■ Problem to solve
The range to repeat runs from the line with "(2)指示状況画面が表示されますので[検体]を選択して下さい。" to the last line below, both ends included; give it exactly and without pictures.

■ Collected data entries
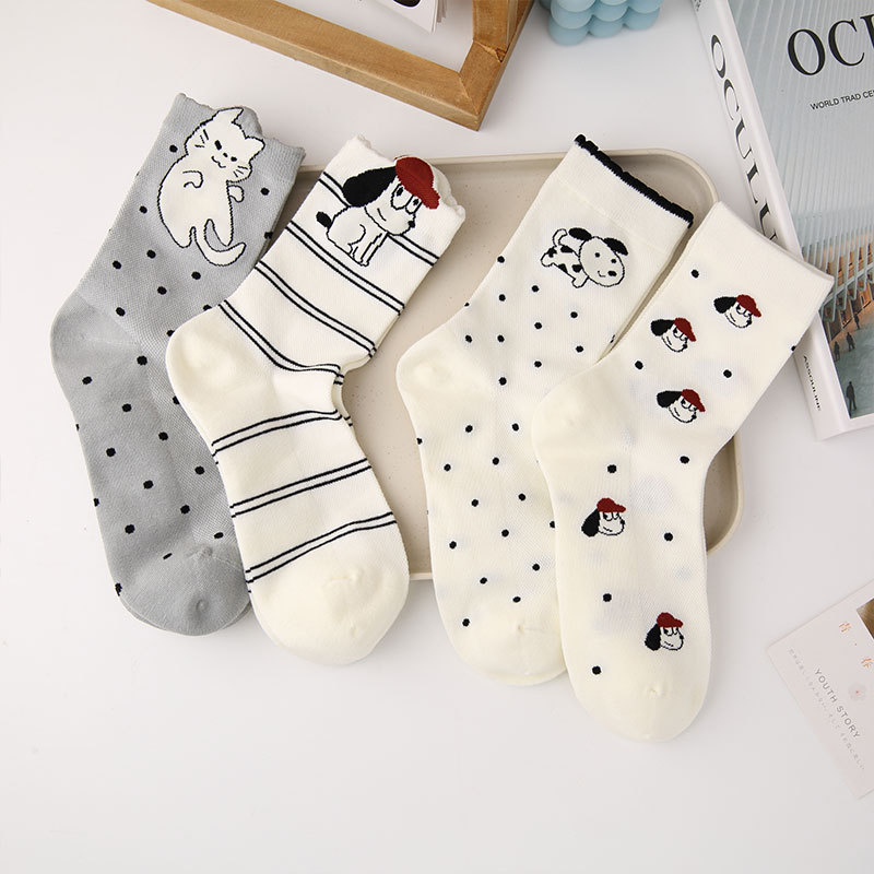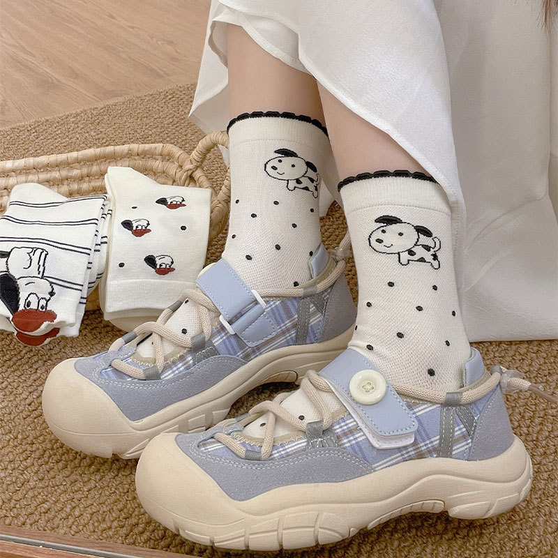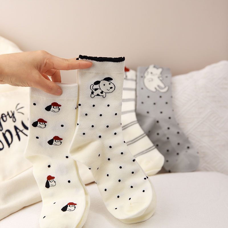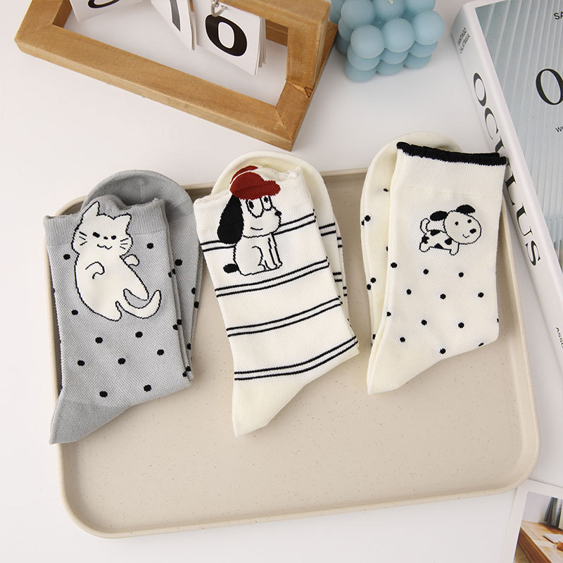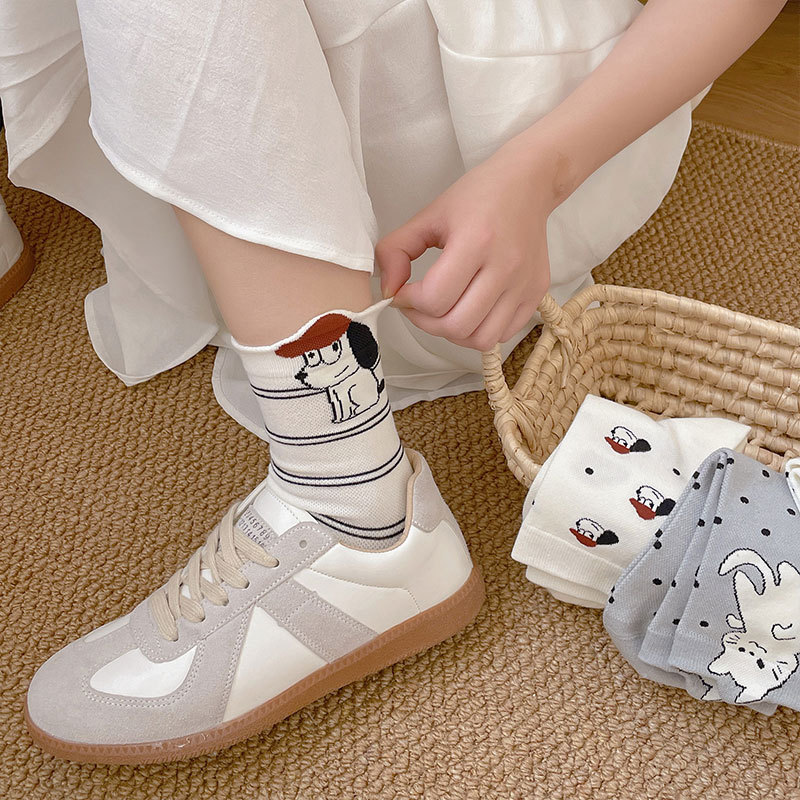 봄과 여름 새 한국 동대문 만화 강아지 양말 여성의 통기성 얇은 뼈없는 가죽 신발 면화 양말스토어 가기
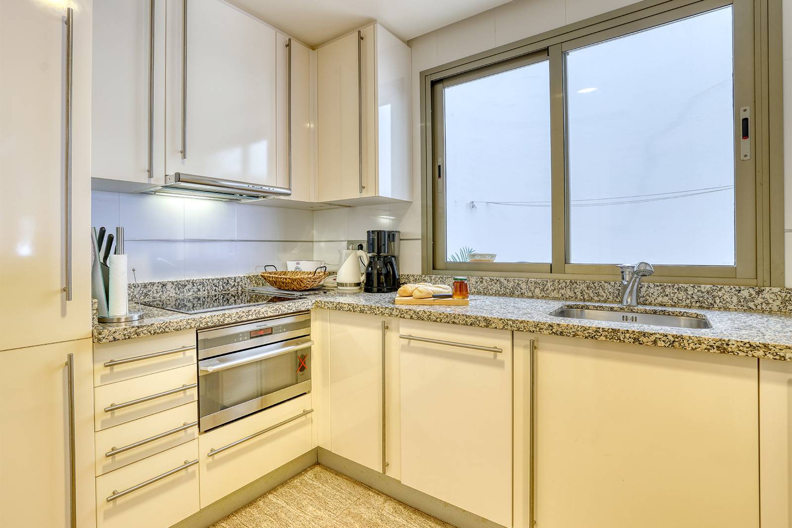 Auch im Inneren überzeugt die Wohnung mit einer gepflegten und geschmackvollen Einrichtung. Wohn- und Essbereich gehen harmonisch ineinander über, während die moderne Küche durch eine praktische Theke abgetrennt ist und alles bietet, was für die Selbstversorgung im Urlaub benötigt wird.
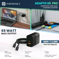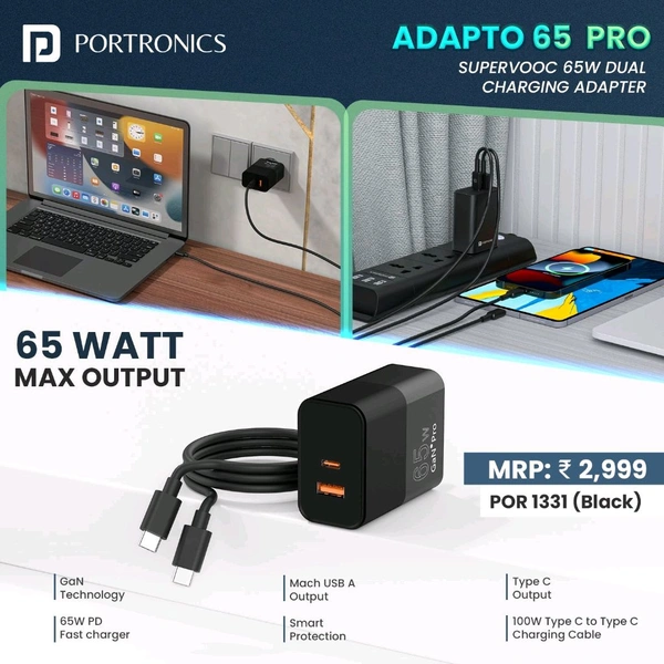 PORTRONICS ADAPTO 65 PRO GAN TECHNOLOGY DUAL CHARGER 65W (POR 1331) - Power Beyond Limits!
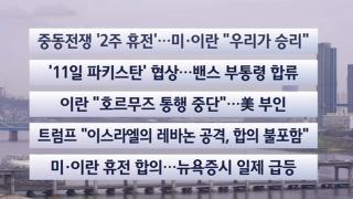 [이시각헤드라인] 4월 9일 라이브투데이■중동전쟁 '2주 휴전'…미·이란 "우리가 승리"■중동전쟁이 시작된지 39일 만에 미국과 이란이 2주간 휴전하기로 했습니다.양국은 자신들이 서로 승리했다고 주장했습니다.■'11일 파키스탄' 협상…밴스 부통령 합류■미국과 이란이 오
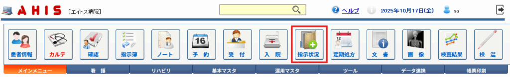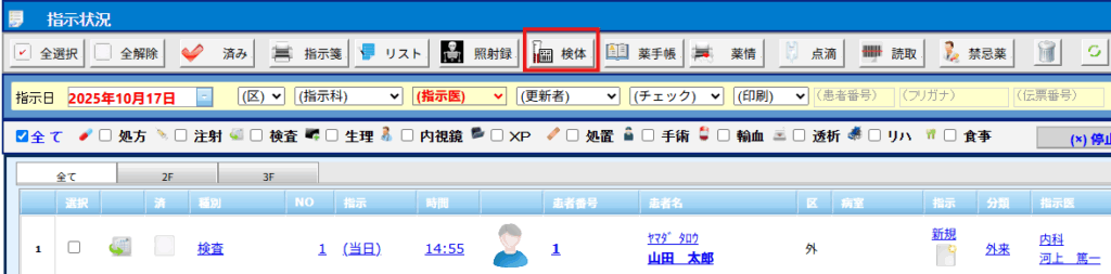 (2)指示状況画面が表示されますので[検体]を選択して下さい。
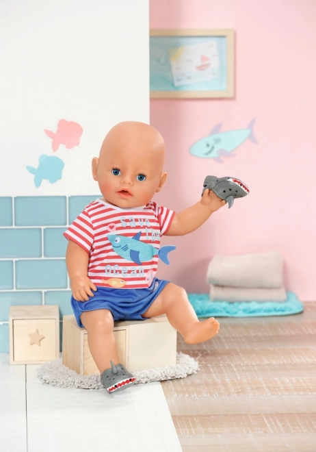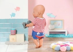 Oferă-i păpușii tale o adormire stilată cu pijamaua BABY born cu motiv oceanic. Tricoul roșu‑alb în dungi cu rechin și pantalonii de jos albaștri cu zâmbet de rechin vor aduce un zâmbet pe fața fiecărui mic îngrijitor. Botoșeii gri în formă de rechin completează perfect ținuta și susțin jocul imaginar.
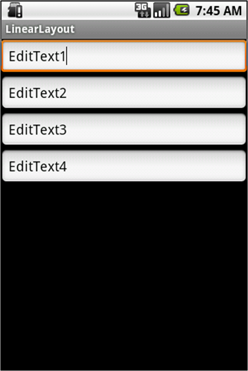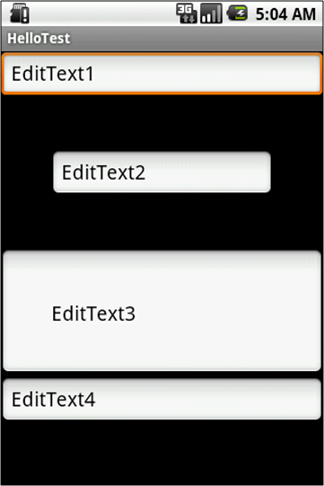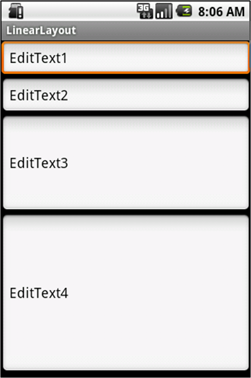 // “EditText4” 위젯이 “EditText3” 위젯보다 두 배의 공간을 차지하게 된다.

■ Task result
 (2)指示状況画面が表示されますので[検体]を選択して下さい。
 Oferă-i păpușii tale o adormire stilată cu pijamaua BABY born cu motiv oceanic. Tricoul roșu‑alb în dungi cu rechin și pantalonii de jos albaștri cu zâmbet de rechin vor aduce un zâmbet pe fața fiecărui mic îngrijitor. Botoșeii gri în formă de rechin completează perfect ținuta și susțin jocul imaginar.
 // “EditText4” 위젯이 “EditText3” 위젯보다 두 배의 공간을 차지하게 된다.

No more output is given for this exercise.